Silver prices moderately declined on Monday, interrupting a three-week rise and contrasting with gold's resilience, which reached record highs. This course of events emphasizes the peculiarities of silver's market position, which differs from gold's position.

While gold continues to find support from central banks, silver remains largely in the hands of smaller speculators and does not have the same level of demand. Last week raised doubts about the investment attractiveness of silver due to rising U.S. Treasury yields and a strengthening dollar.

Silver prices hit a one-month high on Thursday after Fed policymakers indicated a three-quarter percentage point easing of monetary policy by the end of 2024. This forecast came in contrast to recent high inflation readings in the U.S.

Traders now estimate a 74% probability of the U.S. central bank cutting rates in June, according to CME Group's FedWatch tool. Lower interest rates are keeping silver prices at high levels, lowering the opportunity cost of owning bullion.

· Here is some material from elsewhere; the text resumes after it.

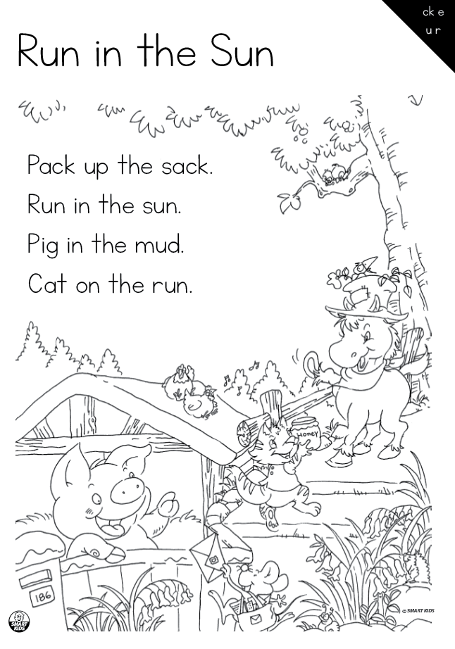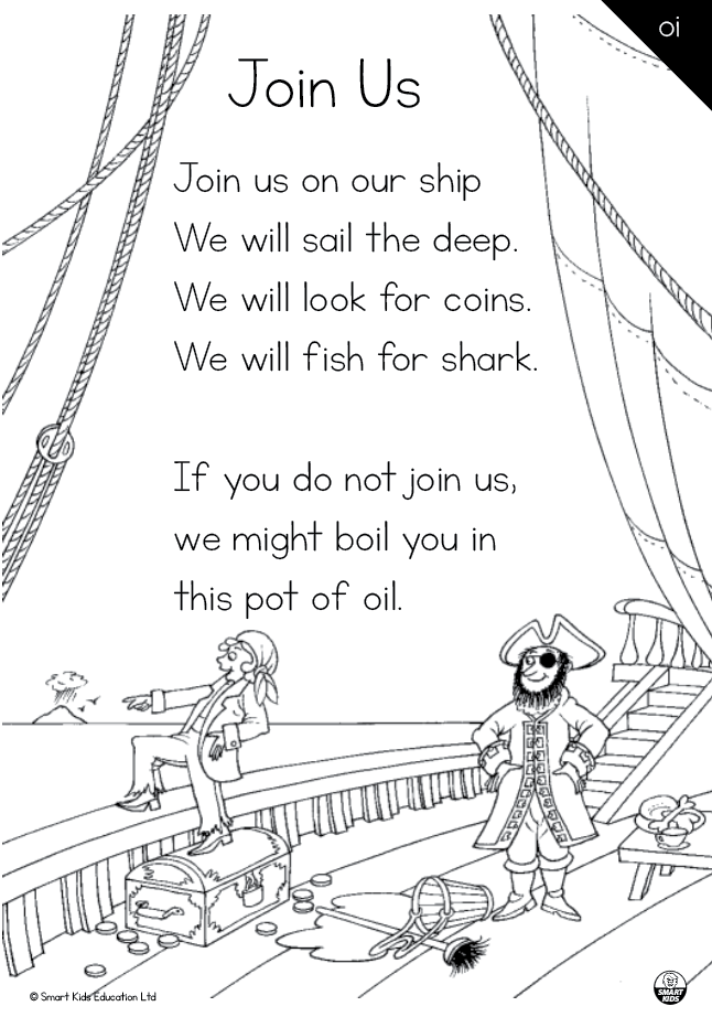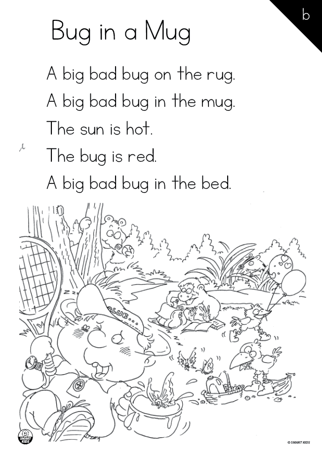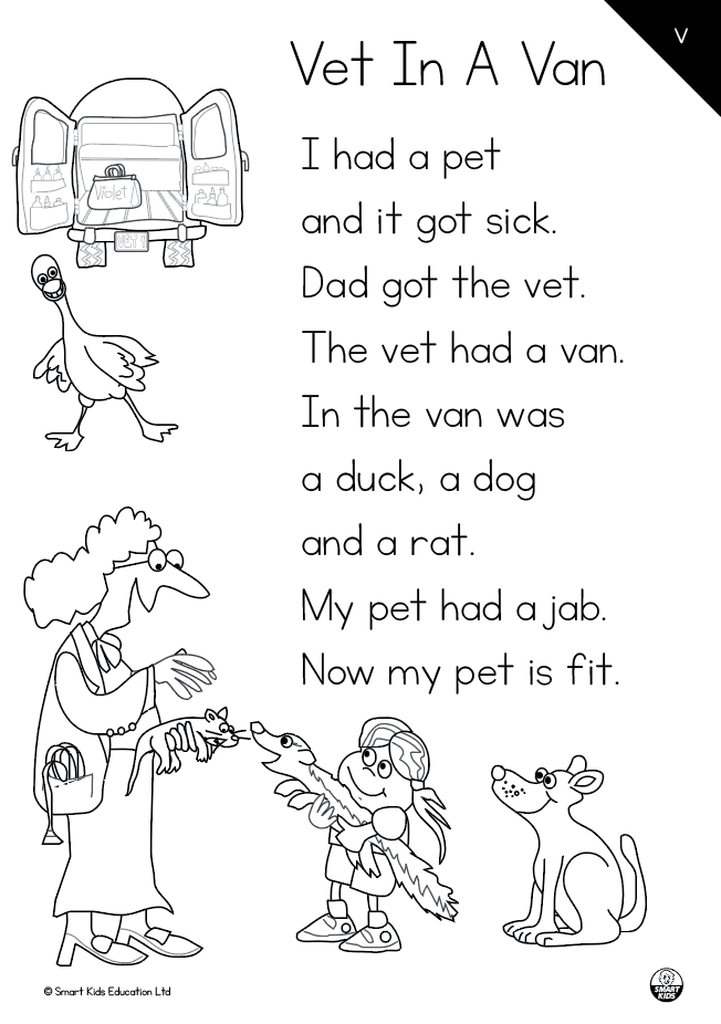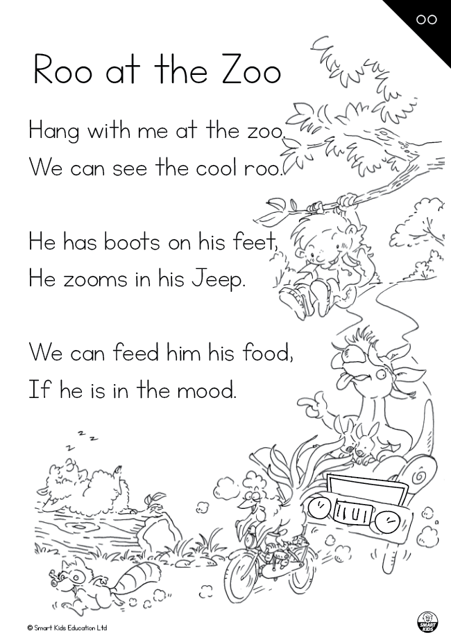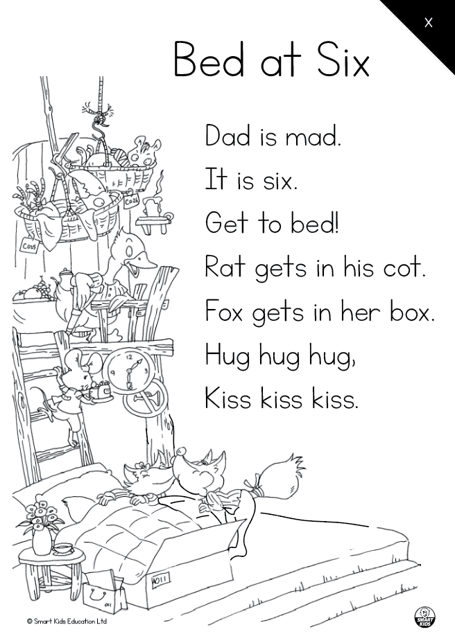 Then there are 33 daily poems covering the following phonemes in this order: h, b, f, ff, l, ll, ss, j, v, w, x, y, z, zz, qu, ch, sh, th, ng, ai, ee, igh, oa, oi, oo, ow, ar, air, ear, er, ur, or, ure.
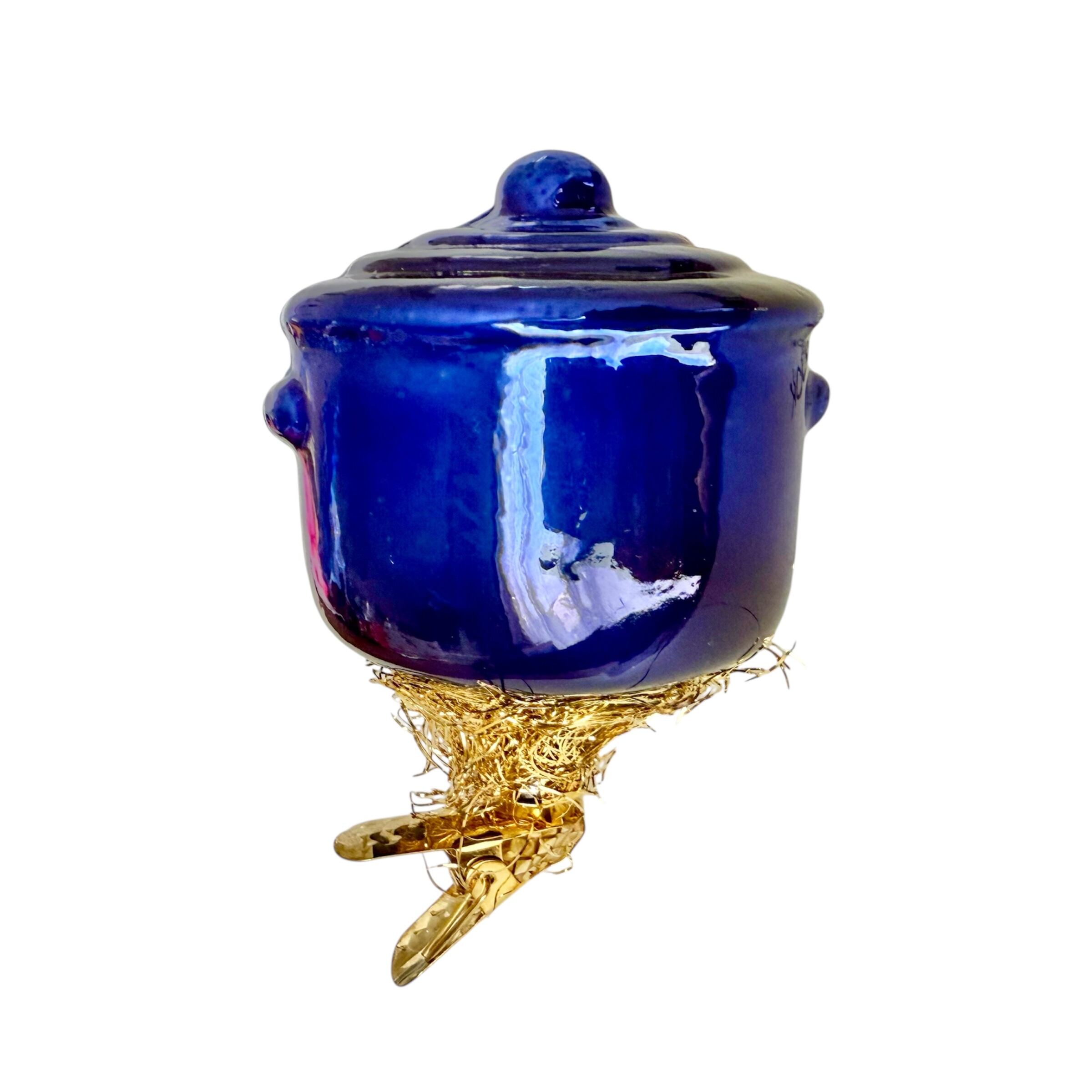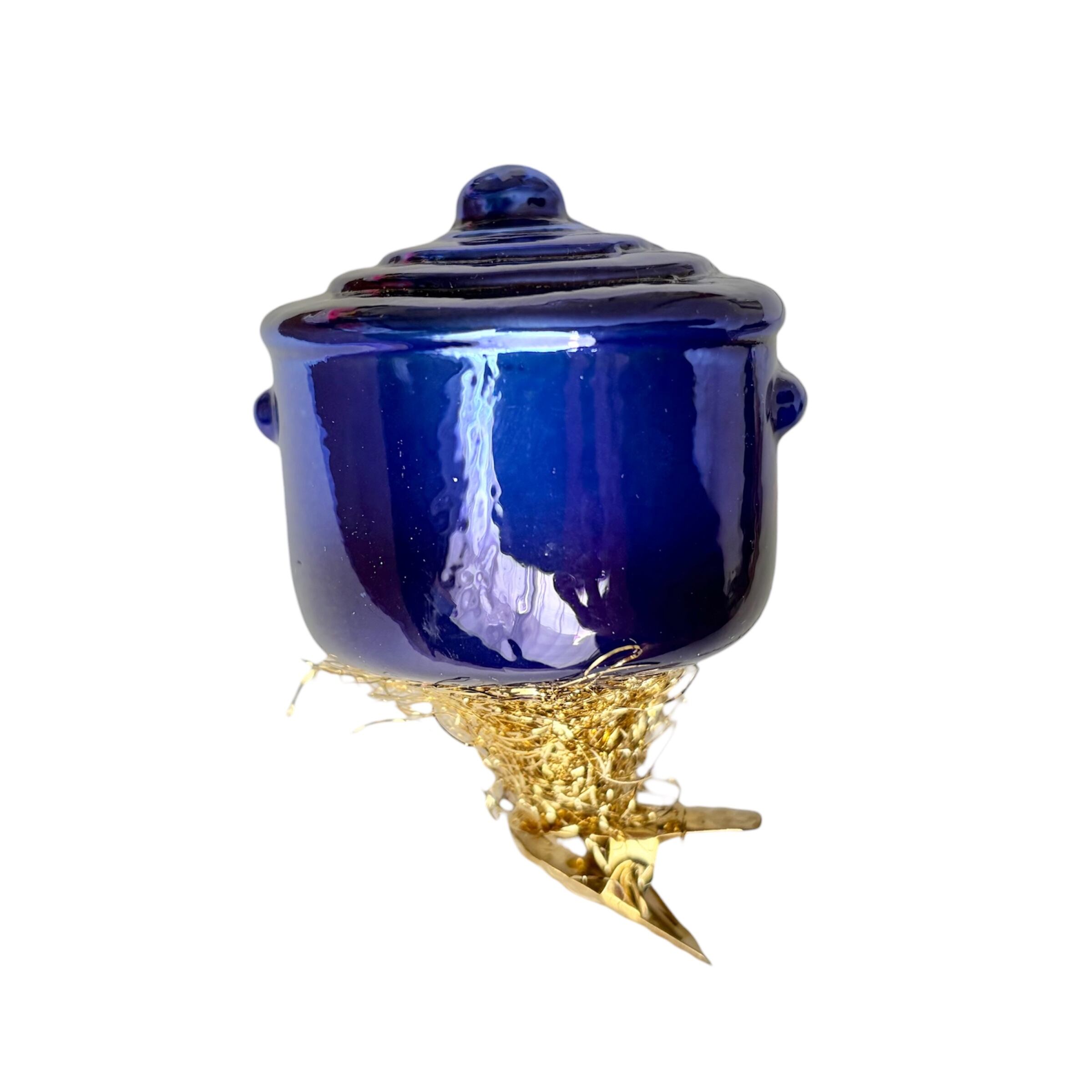 INGE-GLAS ドイツ製 ポット ブルー ガラスオーナメント クリスマスオーナメント

This week, investors await U.S. Personal Consumption Expenditures (PCE) data on Friday to assess its impact on monetary policy and a possible U.S. rate cut. 

Silver quotes are in a broad tapering correction on the D1 timeframe. The price has pulled back from the resistance of this figure. While the markets are waiting for macroeconomic statistics, silver price may correct. Negative indicators of the Bears Power indicator (standard values) indicate a downward trend in prices.


The short-term outlook for Silver is to sell.

The target is at the level of 23.150.

Part of the profit should be fixed near the level of 24.000.

A Stop-loss should be placed at the level of 25.950.


The bearish trend has a short-term character, so the trade volume should not be more than 2% of your balance.

This content is for informational purposes only and is not intended to be investing advice.